I implemented a simple solution using a new array int[] heights = new int[n]
that stored a height for values that it passed on the way up to the root during
other calculations. There was still some duplication in the algorithm, but far
less than before.
int computeHeight() {
int maxHeight = 0;
int numOperations = 0;
for (int node = 0; node < n; node++) {
int height = 0;
for (int i = node; i != -1; i = parent[i]) {
if (heights[i] != 0) {
height = height + heights[i];
break;
}
height++;
numOperations++;
}
heights[node] = height;
maxHeight = Math.max(maxHeight, height);
}
System.out.println(numOperations);
return maxHeight;
}
numOperations: 1,050,284
running time: 243ms
This solution actually turned out to be the fastest solution for this problem, but Uku rightly pointed out that using memoization to solve this assignment, probably wasn’t its purpose.

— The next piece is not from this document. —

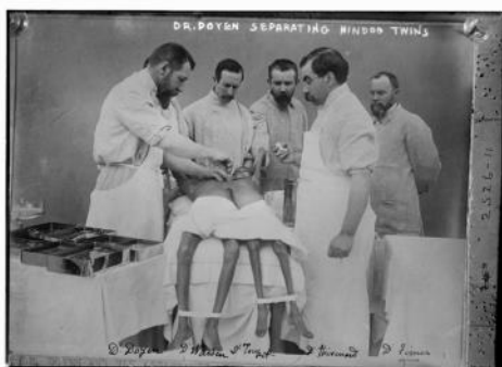
Production photo of an early medical film by Doyen. Image taken from Curtis (2016).

There are exceptions, such as the famous films by Eugène-Louis Doyen, a surgeon who made dozens of films, among others about his operation on conjoined Siamese twins in 1902. His cameraman sold copies of his films for exploitation at the fairground, much to the dislike of his colleagues. Curtis writes (2016): «The cinematic image documents, but it also moves, lending a touch of carnival to even the most boring research film, so film has always crossed that imaginary line between the purely scientific and the spectacular».

So, onto a more technically appropriate solution to the problem. Tree
traversal. I’m showing the full TreeHeight
class in this solution, so
a couple of notes on the new items. The read
method has always existed, and
just takes the string argument from terminal and uses it to define the number
of nodes, and parent array as described before. I piggybacked off that method
to implement my tree structure in order that I could traverse it.
class Node {
private List<Node> children;
public Node() {
this.children = new ArrayList<Node>();
}
public void addChild(Node child) {
children.add(child);
}
}
class TreeHeight {
int n;
int parent[];
Node root;
Node getRoot() {
return root;
}
void read(InputStreamReader input) throws IOException {
FastScanner in = new FastScanner(input);
n = in.nextInt();
parent = new int[n];
for (int i = 0; i < n; i++) {
parent[i] = in.nextInt();
}
createTree();
}
void createTree() {
List<Node> nodeList = new ArrayList<Node>();
for (int i = 0; i < n; i++) {
Node node = new Node();
nodeList.add(node);
}
for (int i = 0; i < n; i++) {
if (parent[i] == -1) {
root = nodeList.get(i);
} else {
nodeList.get(parent[i]).addChild(nodeList.get(i));
}
}
}
int computeHeight(Node root) {
int height = 1;
List<Node> todo = root.children;
while(true) {
int nodeCount = todo.size();
if (nodeCount == 0) {
return height;
} else {
height++;
}
while(nodeCount > 0) {
Node thisNode = todo.remove(0);
todo.addAll(thisNode.children);
nodeCount--;
}
}
}
}
This version of the computeHeight
method uses Breadth First traversal to travel
down the tree from the root node, passing all the children on each level of the
tree. Whenever all the children from a particular level are added to the queue
the height total is incremented. This is really an iterative version of the
recursive algorithm from before, so it is quite nice in that sense to see how
the different algorithms stack up.
The algorithm above works nicely on any type of tree, since it doesn’t care how many children there are on each node. It is slightly slower than the memoized version of the solution, but is preferable since it is a standard algorithm that can be reused. The delay is mostly due to the creation of the underlying tree data structure used for the iteration. The starter code algorithm is tied heavily to the way data is presented to the programme from the terminal, so is not a preferable solution in that sense.